--- Directions for this task ---
Begin at the line that has "Nhiều người rao", stop after the line that has "These mismatch angel's", and print exactly those lines from the records below, without any pictures.

--- Source data ---

####

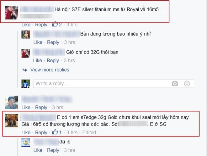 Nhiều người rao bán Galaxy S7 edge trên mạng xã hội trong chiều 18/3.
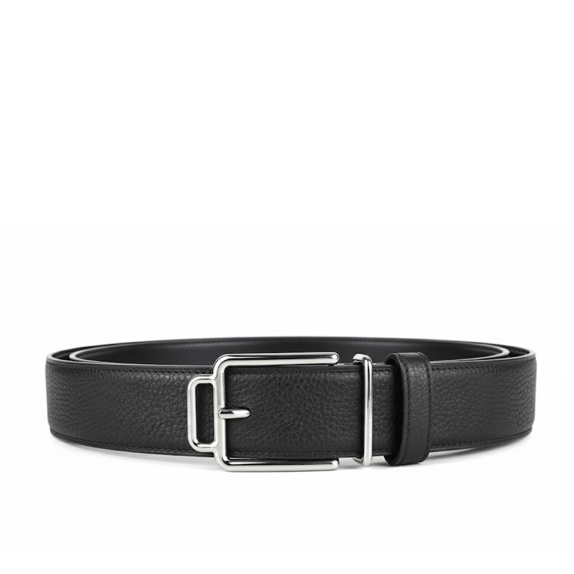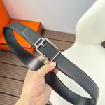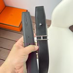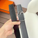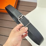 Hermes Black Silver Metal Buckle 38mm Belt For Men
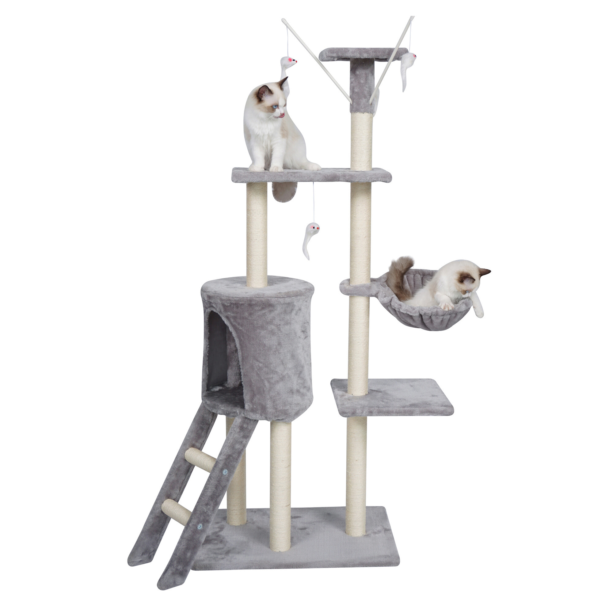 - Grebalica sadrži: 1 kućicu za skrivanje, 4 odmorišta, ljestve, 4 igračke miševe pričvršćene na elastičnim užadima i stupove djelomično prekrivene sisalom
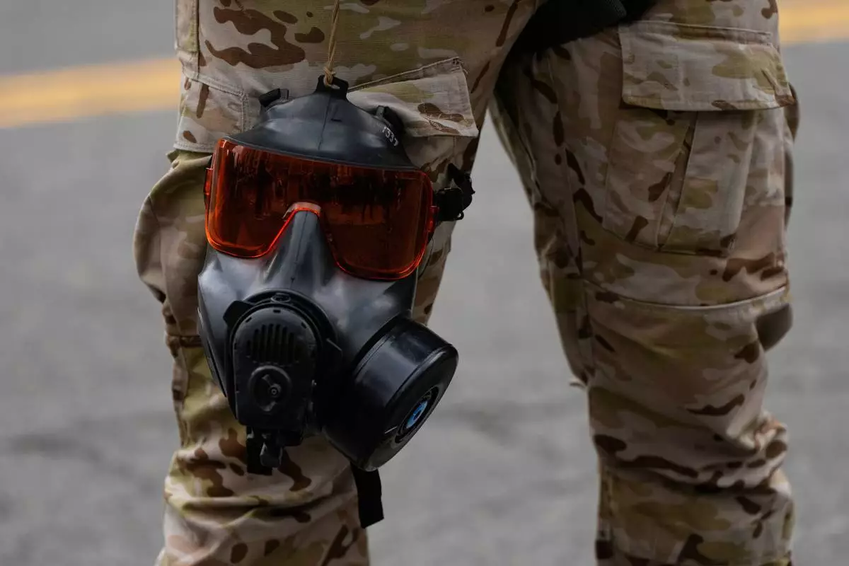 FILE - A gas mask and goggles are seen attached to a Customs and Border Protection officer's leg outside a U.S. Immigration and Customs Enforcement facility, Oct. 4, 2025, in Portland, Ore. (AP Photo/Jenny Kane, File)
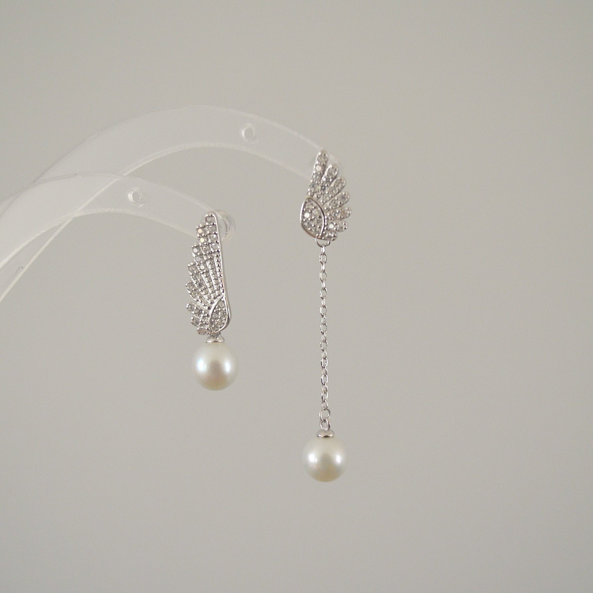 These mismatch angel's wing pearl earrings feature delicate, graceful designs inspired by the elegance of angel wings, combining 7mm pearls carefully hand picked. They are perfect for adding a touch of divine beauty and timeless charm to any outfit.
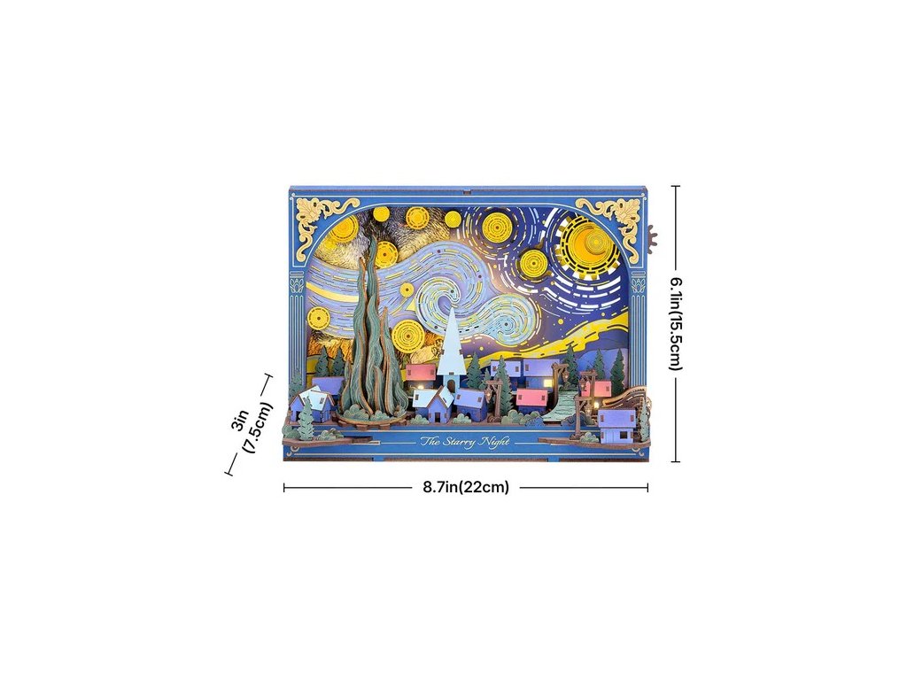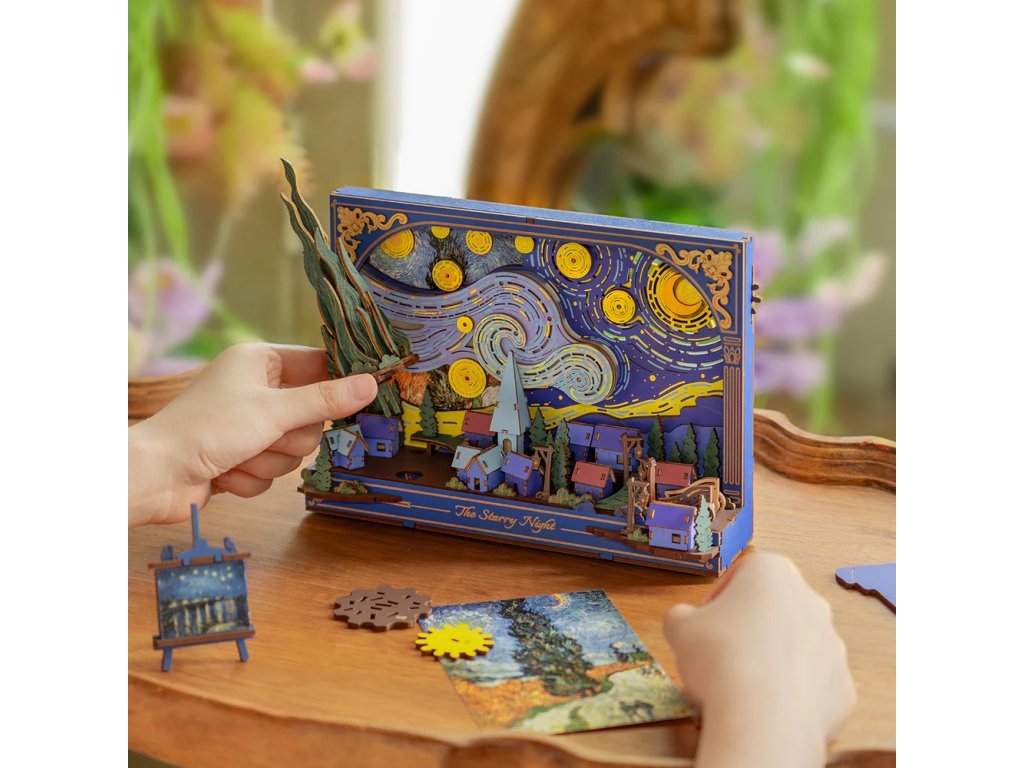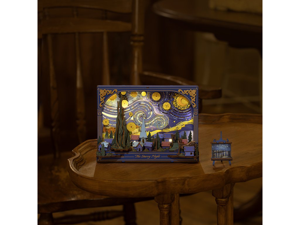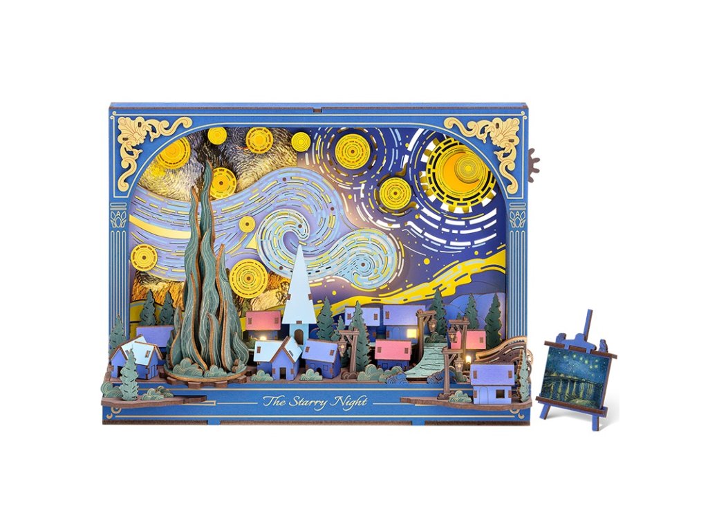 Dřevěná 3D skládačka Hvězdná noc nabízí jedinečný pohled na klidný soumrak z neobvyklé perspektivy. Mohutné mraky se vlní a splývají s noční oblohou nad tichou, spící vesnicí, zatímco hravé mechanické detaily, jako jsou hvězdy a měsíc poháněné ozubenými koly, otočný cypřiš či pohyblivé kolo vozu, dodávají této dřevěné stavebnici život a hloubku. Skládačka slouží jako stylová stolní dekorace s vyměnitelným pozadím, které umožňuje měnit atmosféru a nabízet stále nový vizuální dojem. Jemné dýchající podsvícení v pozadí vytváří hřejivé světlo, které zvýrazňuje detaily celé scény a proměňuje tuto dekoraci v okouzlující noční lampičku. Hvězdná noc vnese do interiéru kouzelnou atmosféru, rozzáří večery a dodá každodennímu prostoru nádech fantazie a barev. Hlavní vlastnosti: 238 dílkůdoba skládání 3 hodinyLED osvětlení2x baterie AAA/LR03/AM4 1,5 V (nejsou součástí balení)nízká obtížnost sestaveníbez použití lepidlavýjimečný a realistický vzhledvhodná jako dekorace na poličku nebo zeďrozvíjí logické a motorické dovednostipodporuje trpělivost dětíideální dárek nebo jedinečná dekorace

####

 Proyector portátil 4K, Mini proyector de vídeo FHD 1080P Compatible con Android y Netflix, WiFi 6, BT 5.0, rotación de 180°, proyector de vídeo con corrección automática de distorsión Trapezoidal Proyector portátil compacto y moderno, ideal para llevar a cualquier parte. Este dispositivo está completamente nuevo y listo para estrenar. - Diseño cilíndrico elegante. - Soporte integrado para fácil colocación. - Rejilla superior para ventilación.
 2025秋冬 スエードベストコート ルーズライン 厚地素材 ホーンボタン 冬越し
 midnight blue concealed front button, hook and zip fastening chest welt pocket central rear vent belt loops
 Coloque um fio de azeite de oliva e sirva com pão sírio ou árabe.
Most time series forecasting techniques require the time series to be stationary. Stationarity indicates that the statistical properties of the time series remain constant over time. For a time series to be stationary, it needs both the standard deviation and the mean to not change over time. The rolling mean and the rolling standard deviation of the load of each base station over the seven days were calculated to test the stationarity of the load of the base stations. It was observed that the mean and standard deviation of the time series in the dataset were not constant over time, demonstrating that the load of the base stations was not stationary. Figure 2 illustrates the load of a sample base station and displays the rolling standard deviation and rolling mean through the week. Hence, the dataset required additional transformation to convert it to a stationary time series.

####

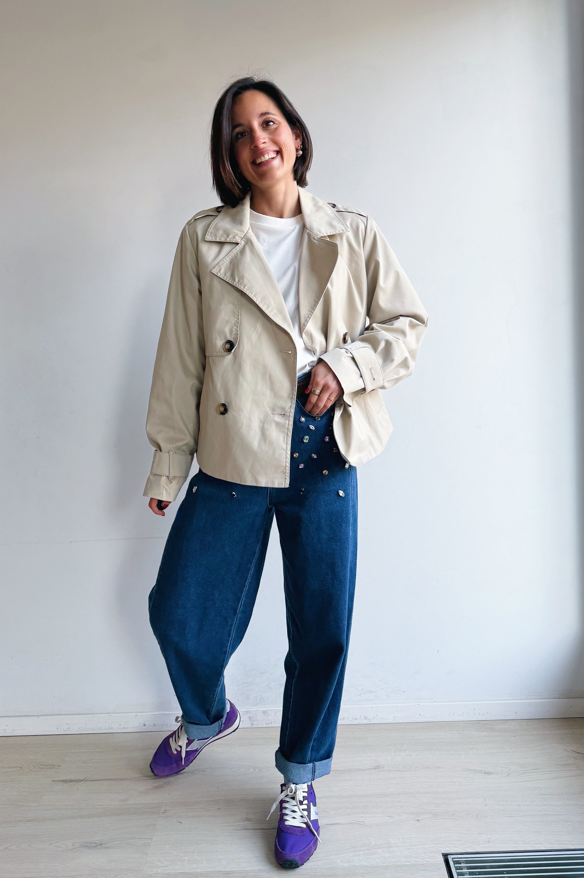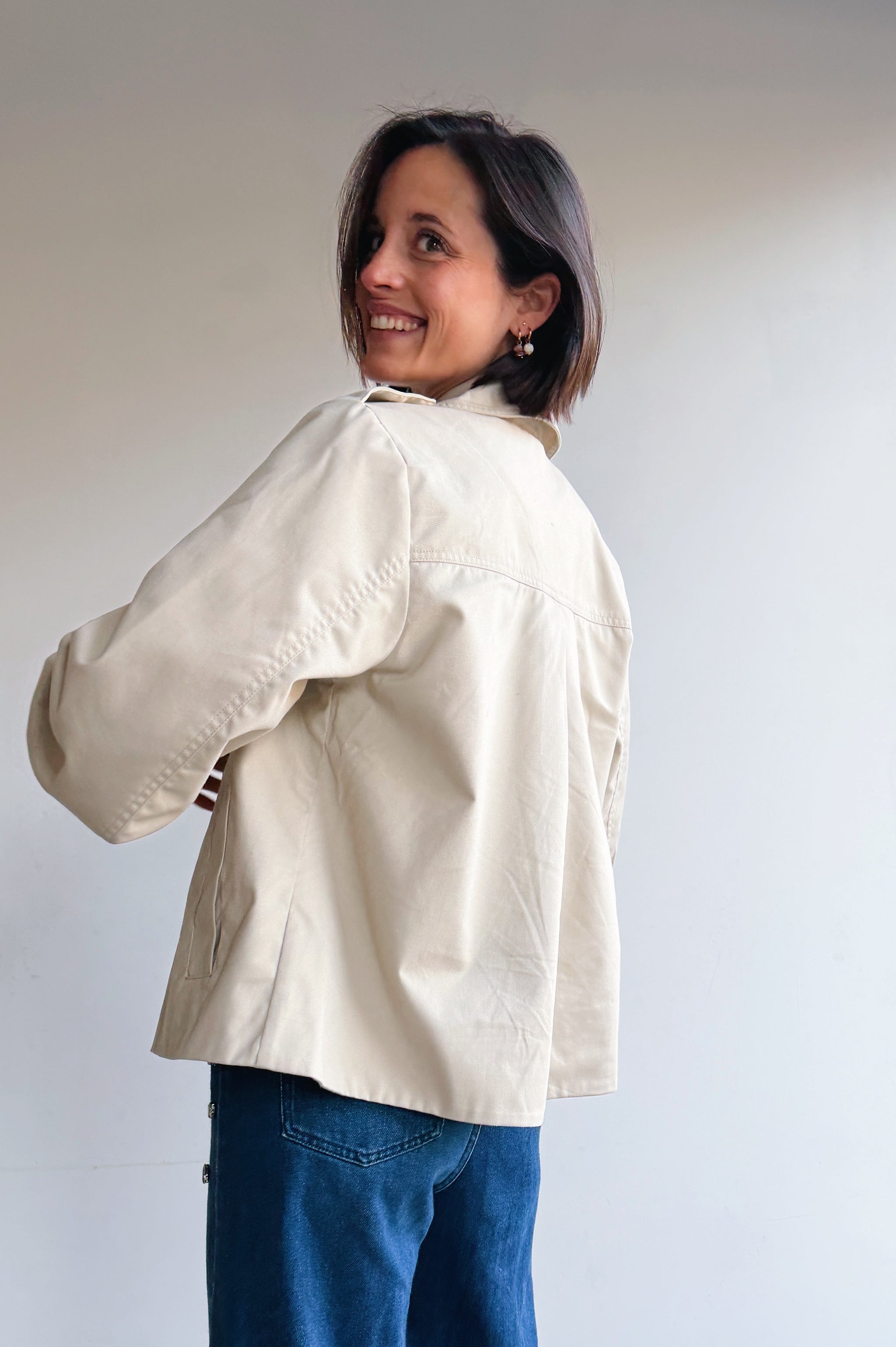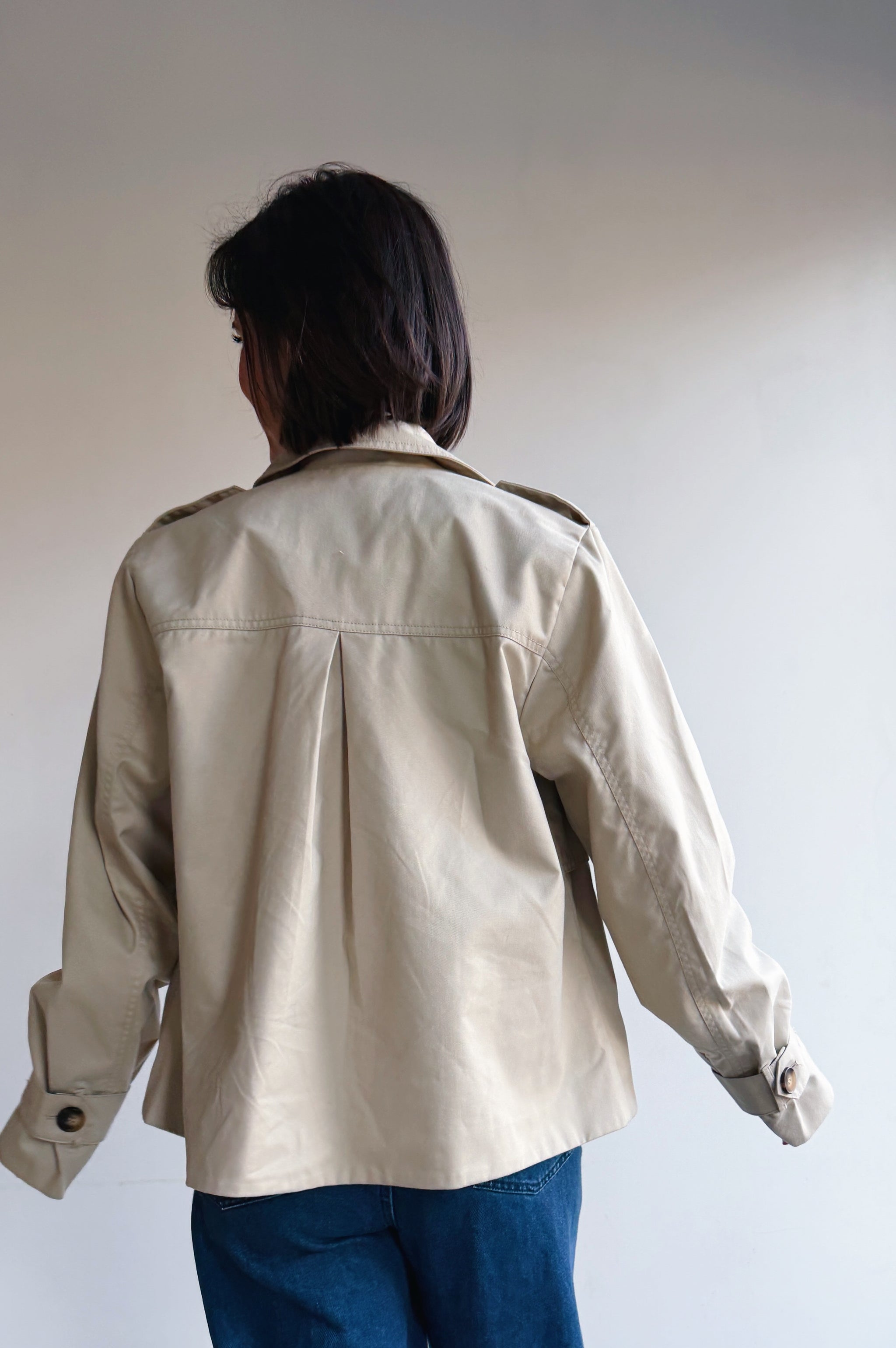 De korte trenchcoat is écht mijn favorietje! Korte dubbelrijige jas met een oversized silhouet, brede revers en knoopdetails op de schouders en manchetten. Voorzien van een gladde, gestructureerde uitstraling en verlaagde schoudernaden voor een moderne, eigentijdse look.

####

--- Response to this task ---
 Nhiều người rao bán Galaxy S7 edge trên mạng xã hội trong chiều 18/3.
 Hermes Black Silver Metal Buckle 38mm Belt For Men
 - Grebalica sadrži: 1 kućicu za skrivanje, 4 odmorišta, ljestve, 4 igračke miševe pričvršćene na elastičnim užadima i stupove djelomično prekrivene sisalom
 FILE - A gas mask and goggles are seen attached to a Customs and Border Protection officer's leg outside a U.S. Immigration and Customs Enforcement facility, Oct. 4, 2025, in Portland, Ore. (AP Photo/Jenny Kane, File)
 These mismatch angel's wing pearl earrings feature delicate, graceful designs inspired by the elegance of angel wings, combining 7mm pearls carefully hand picked. They are perfect for adding a touch of divine beauty and timeless charm to any outfit.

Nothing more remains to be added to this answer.